Voir reportage suivant :

Il a rappelé les opportunités ouvertes par la récente directive européenne du mois d’avril sur le gel et la confiscation des produits de la criminalité transfrontière organisée. Tout en regrettant que les applications de cette directive en matière d’utilisation sociale des biens confisqués  ne soient pas obligatoires et laissées à la volonté des Etats.

A l’heure où la loi sur l’économie sociale est votée en France, l’idée est à creuser.

Il a également rappelé que la France possède une « Agence de gestion et recouvrement des avoirs saisis », regrettant aussi que le gouvernement ait annoncé que la question de la réutilisation à but social des biens confisqués serait discutée ultérieurement. Comme quoi on peut être un gouvernement de gauche et timide sur l’innovation juridique et sociale en matière de lutte contre la criminalité financière.

Un combat politique, social et culturel.

En fait, les intervenants l’ont tous dit, c’est bien là, sur le terrain politique, que doit être menée la vraie lutte citoyenne d’innovation démocratique. Un combat également culturel.

Ce qu’a bien montré le débat sur la presse d’investigation, réunissant plusieurs journalistes européens, dont Dan Israel de Médiapart.

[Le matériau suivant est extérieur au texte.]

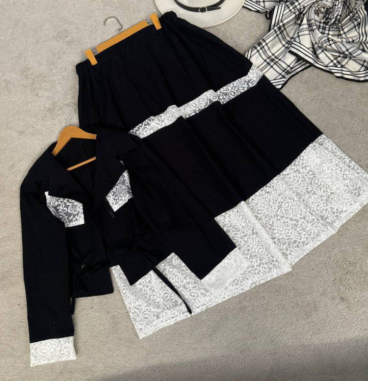 توضیحات: 🍃💕 نام : کت دامن لیلا ✅ 🍃💕 جنس : لنین و تور✅ 🍃💕 رنگ بندی : مشکی, نسکافه ای, سورمه ای, سبز, زیتونی✅ 🍃💕 سایز ها : فری تا 48 ✅

Si les choses semblent  évoluer positivement, notamment grâce à la presse sur internet, les journalistes, s’ils sont confrontés à plusieurs difficultés, dont celles consistant à faire le tri des acteurs et des documents, doivent aussi faire face à la difficulté à vendre leur sujet contre la criminalité financière. En dehors de quelques affaires phares, il est plus facile pour un media de dramatiser un fait divers que de dérouler dans ses colonnes ou ses journaux télévisés les cheminements tortueux d’une fraude à la TVA, dont les montants sont pourtant vertigineux et lèsent les citoyens directement. Il faut donner du temps aux journalistes d’investigation. Les enquêtes sont longues, le recoupement des témoignages et la consultation d’experts nécessaires chronophages.

Mais la première difficulté vient, il ne faut pas avoir peur de le dire, des institutions, notamment bancaires. C’est par les banques que passe l’argent de la criminalité maffieuse, rapporte  Marius Frunza (Université Paris 1).

L’exemple de la banque anglaise HSBC qui a payé près de 2 milliards de dollars afin d’échapper à des poursuites aux Etats-Unis pour avoir blanchi l’argent des cartels de la drogue entre 2003 et 2010 en témoigne. En notant au passage que le patron de la banque pour la période incriminée est devenu en 2010 ministre de David Cameron. Humour anglais. Isn’t it ?

Alors que faire ? Les réponses ne peuvent être qu’internationales. Mais que fera l’Europe, présidée sous peu par l’ancien premier ministre d’un paradis fiscal, le Luxembourg ?  Que fera le Parlement européen ?

Restent aux citoyens à faire pression. Au travers d’associations comme Euroalter, ou Libera en Italie, dont le but est clairement de s’insurger et d’agir contre les maffieux, et qui regroupe 1600 associations  locales et internationales.